=== Data extracts ===

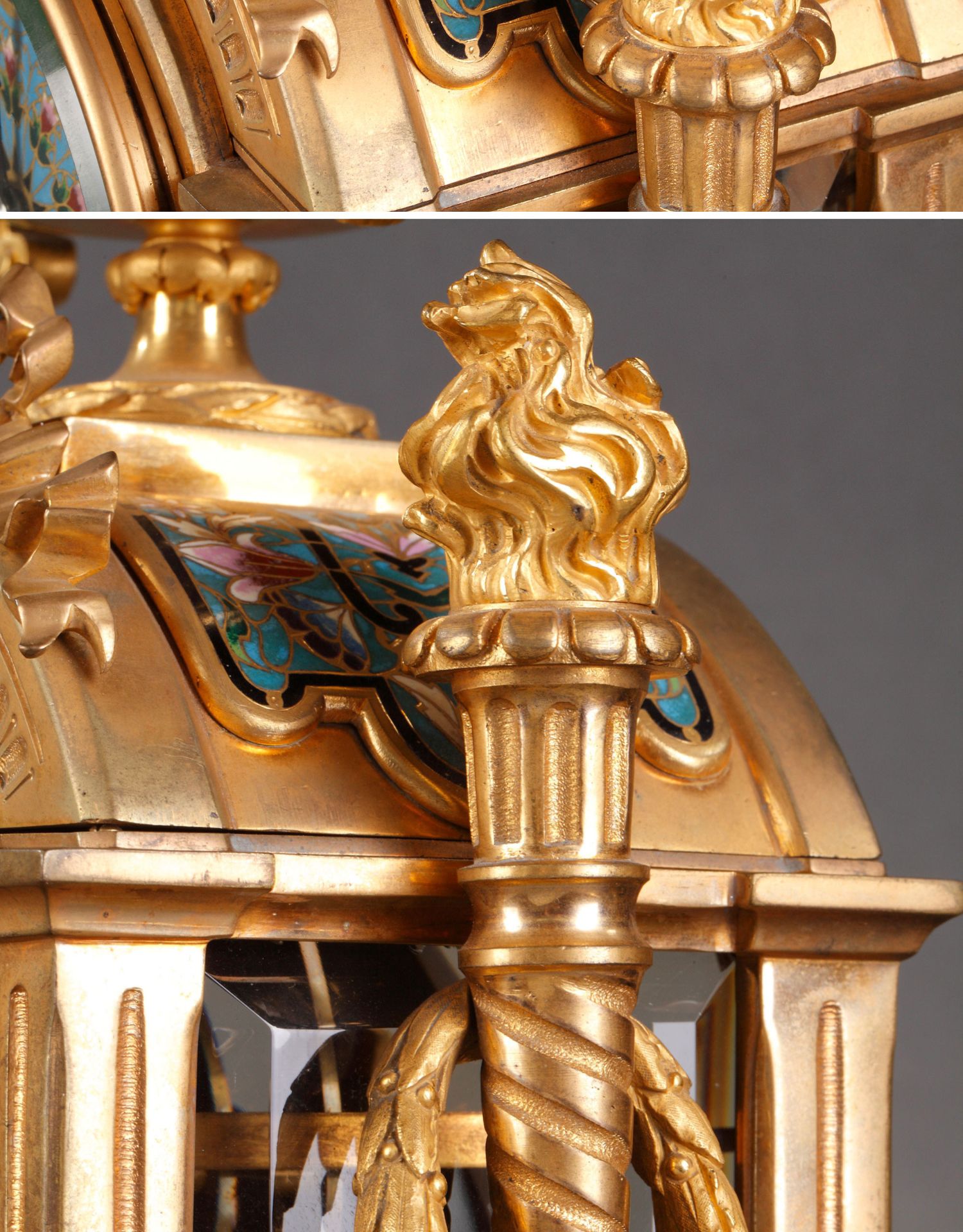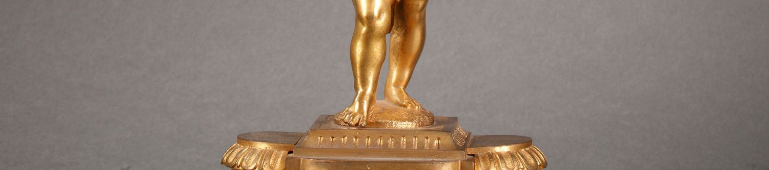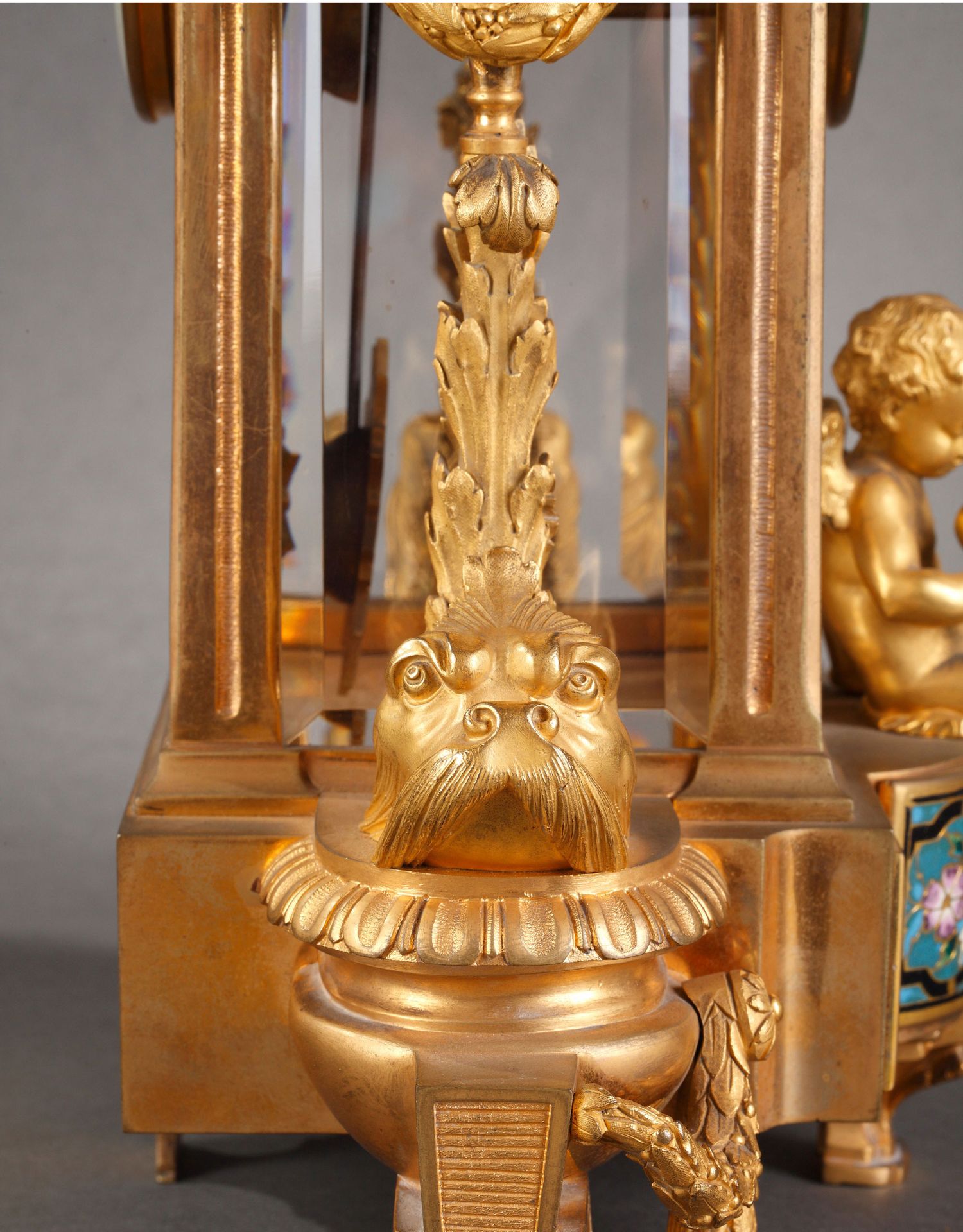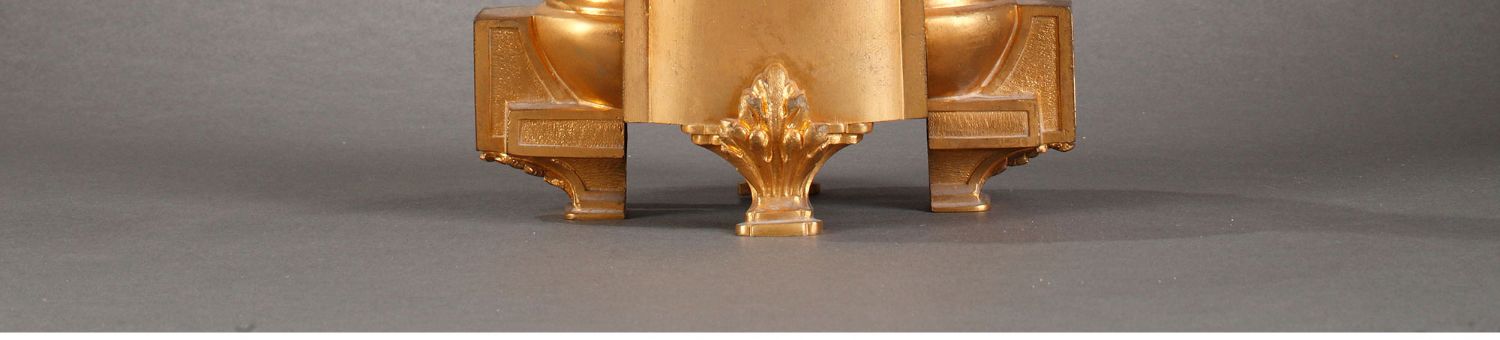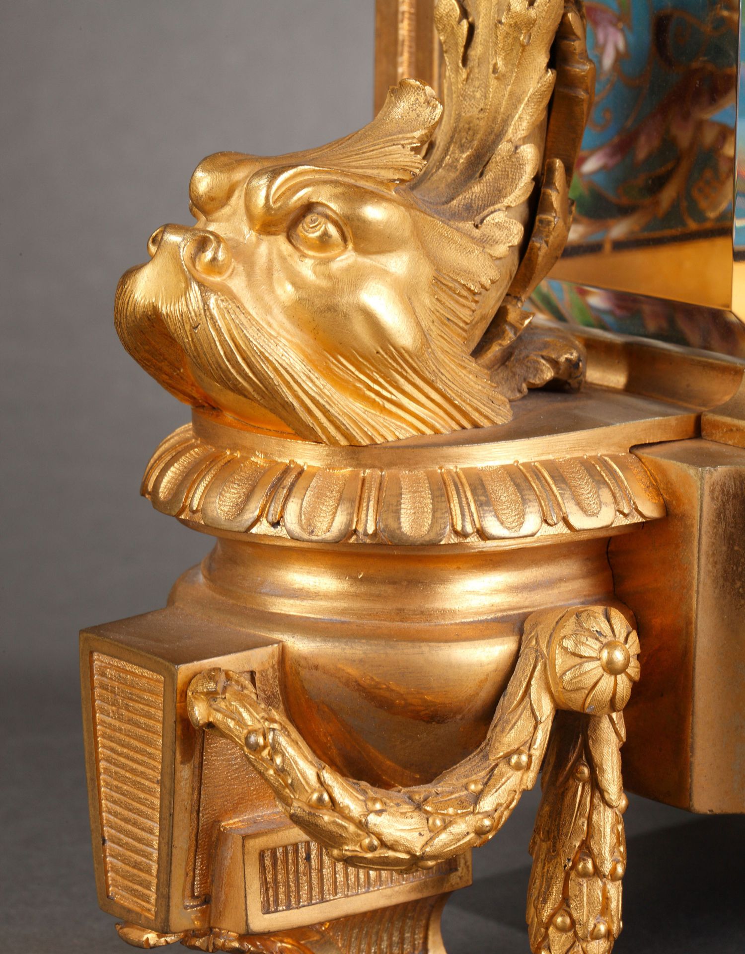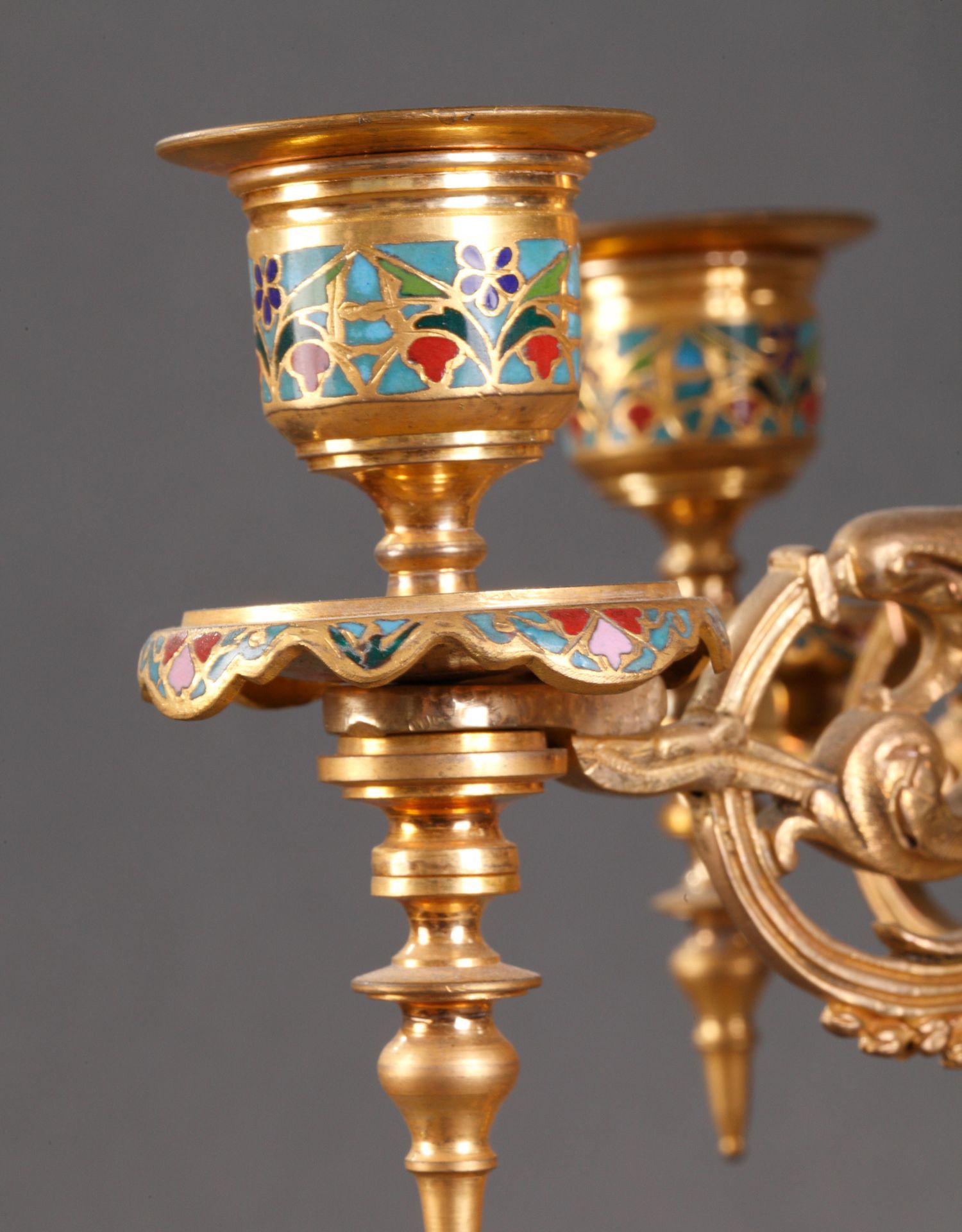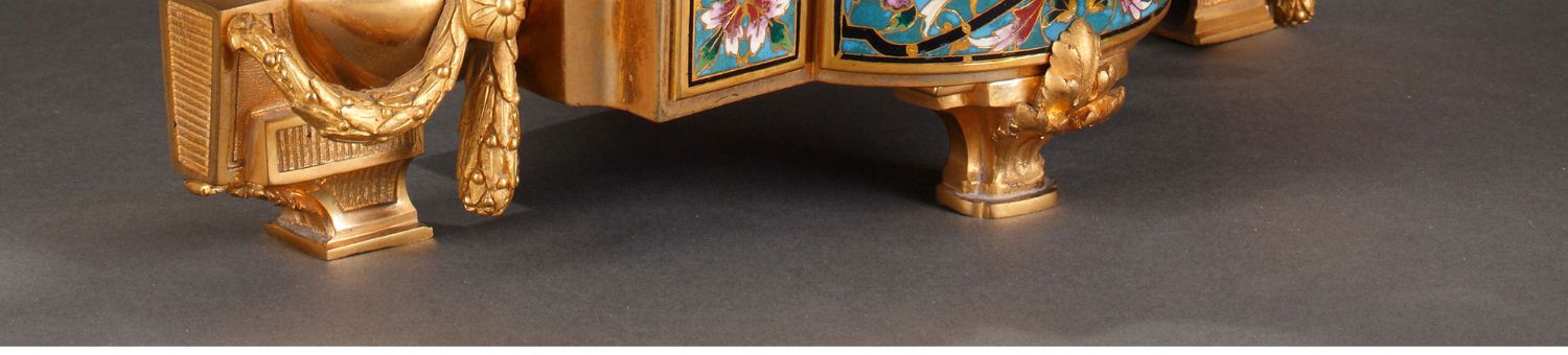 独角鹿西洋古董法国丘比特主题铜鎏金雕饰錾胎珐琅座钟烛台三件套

===
=== Data extracts ===

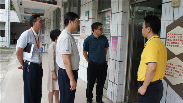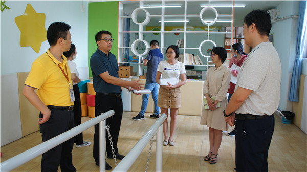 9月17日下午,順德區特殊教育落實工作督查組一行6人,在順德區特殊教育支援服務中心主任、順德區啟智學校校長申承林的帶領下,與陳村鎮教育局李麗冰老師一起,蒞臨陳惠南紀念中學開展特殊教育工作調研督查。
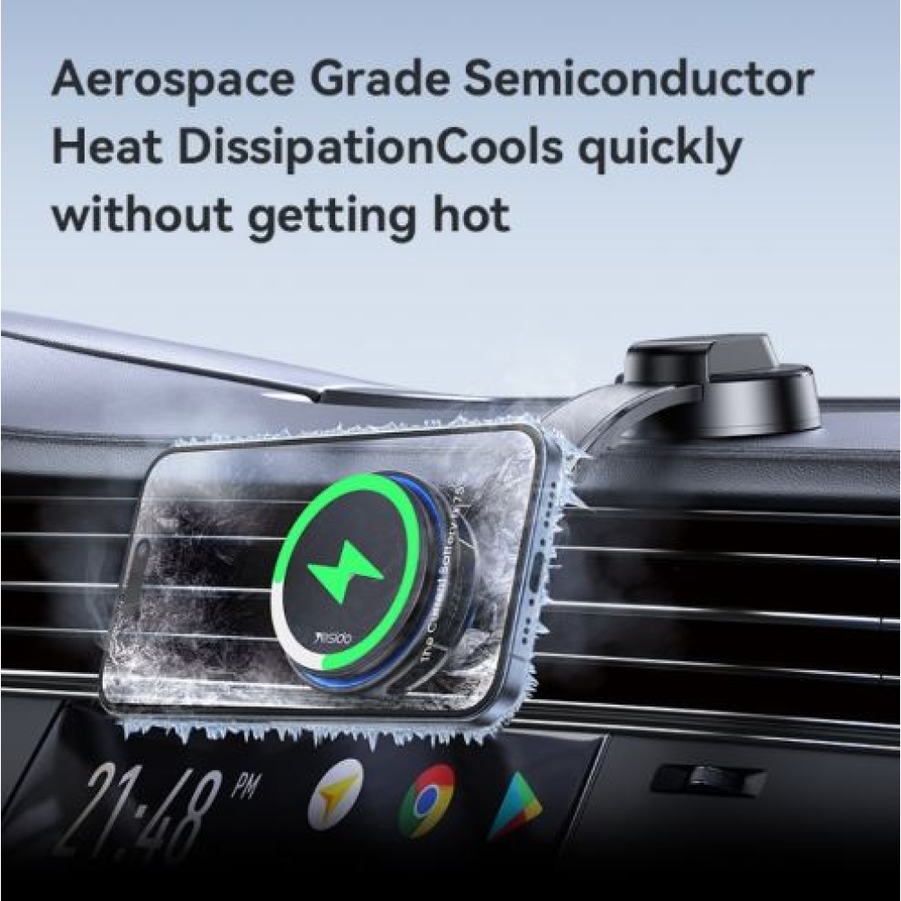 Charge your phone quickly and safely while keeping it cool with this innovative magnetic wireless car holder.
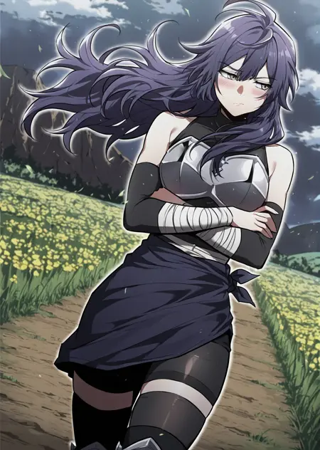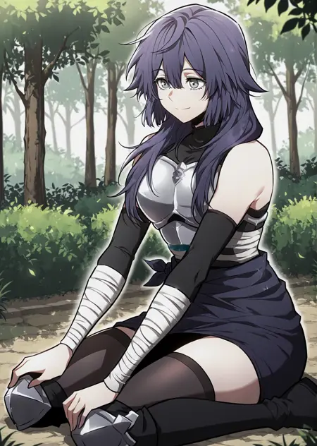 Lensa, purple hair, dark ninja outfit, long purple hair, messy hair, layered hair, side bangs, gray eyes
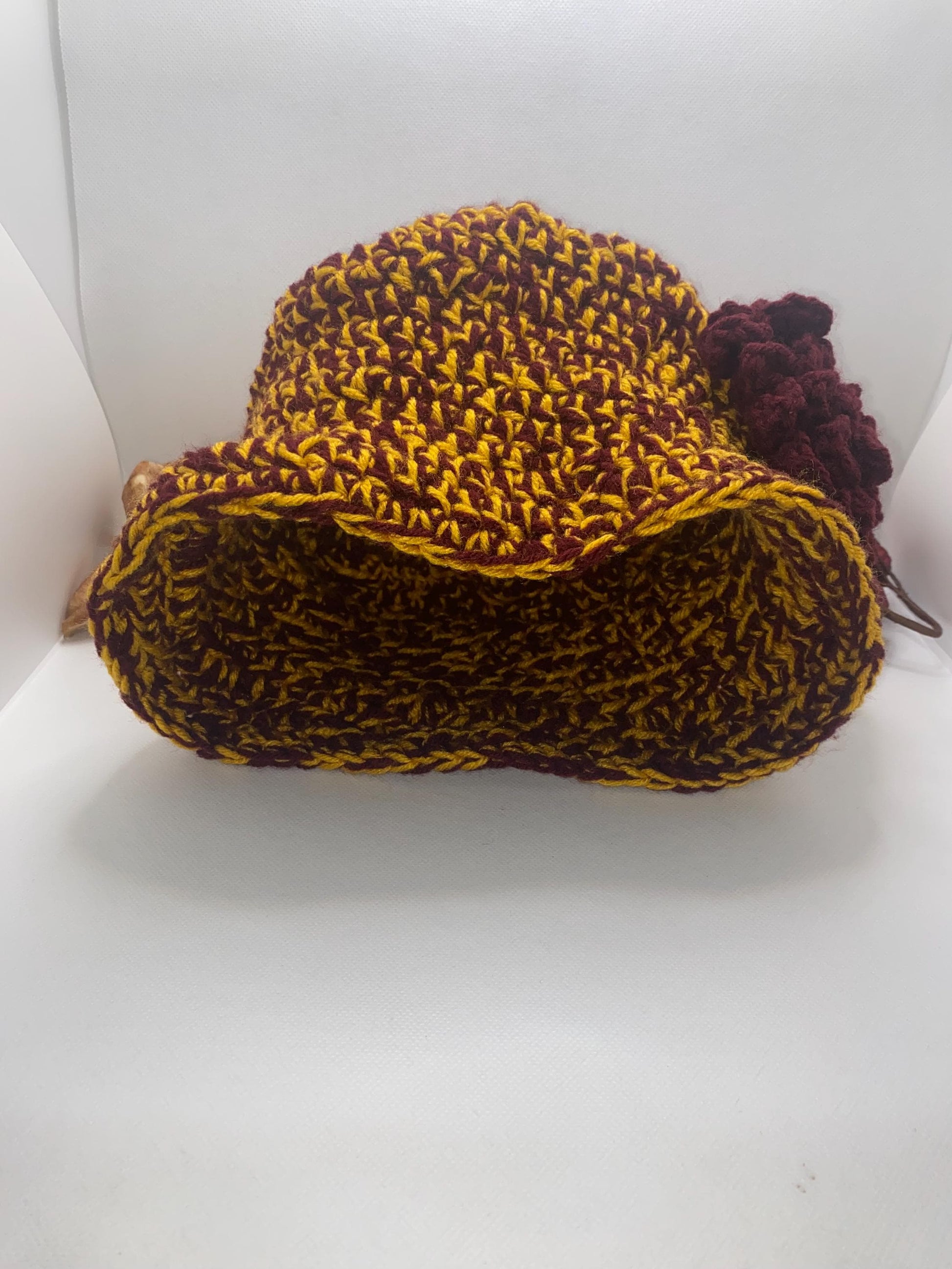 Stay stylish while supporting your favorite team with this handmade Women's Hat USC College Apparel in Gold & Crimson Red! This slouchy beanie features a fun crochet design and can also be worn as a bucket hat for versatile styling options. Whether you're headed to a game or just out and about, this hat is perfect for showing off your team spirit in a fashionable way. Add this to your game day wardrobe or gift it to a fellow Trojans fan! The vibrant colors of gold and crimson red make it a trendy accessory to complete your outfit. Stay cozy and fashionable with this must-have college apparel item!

===

» **What to work on**:
Return the stretch of data that begins with the line showing "9月17日下午,順德區特殊教" and goes on through the line showing "Lensa, purple hair, dark", exactly, with pictures removed.

» **Problem solution**:
 9月17日下午,順德區特殊教育落實工作督查組一行6人,在順德區特殊教育支援服務中心主任、順德區啟智學校校長申承林的帶領下,與陳村鎮教育局李麗冰老師一起,蒞臨陳惠南紀念中學開展特殊教育工作調研督查。
 Charge your phone quickly and safely while keeping it cool with this innovative magnetic wireless car holder.
 Lensa, purple hair, dark ninja outfit, long purple hair, messy hair, layered hair, side bangs, gray eyes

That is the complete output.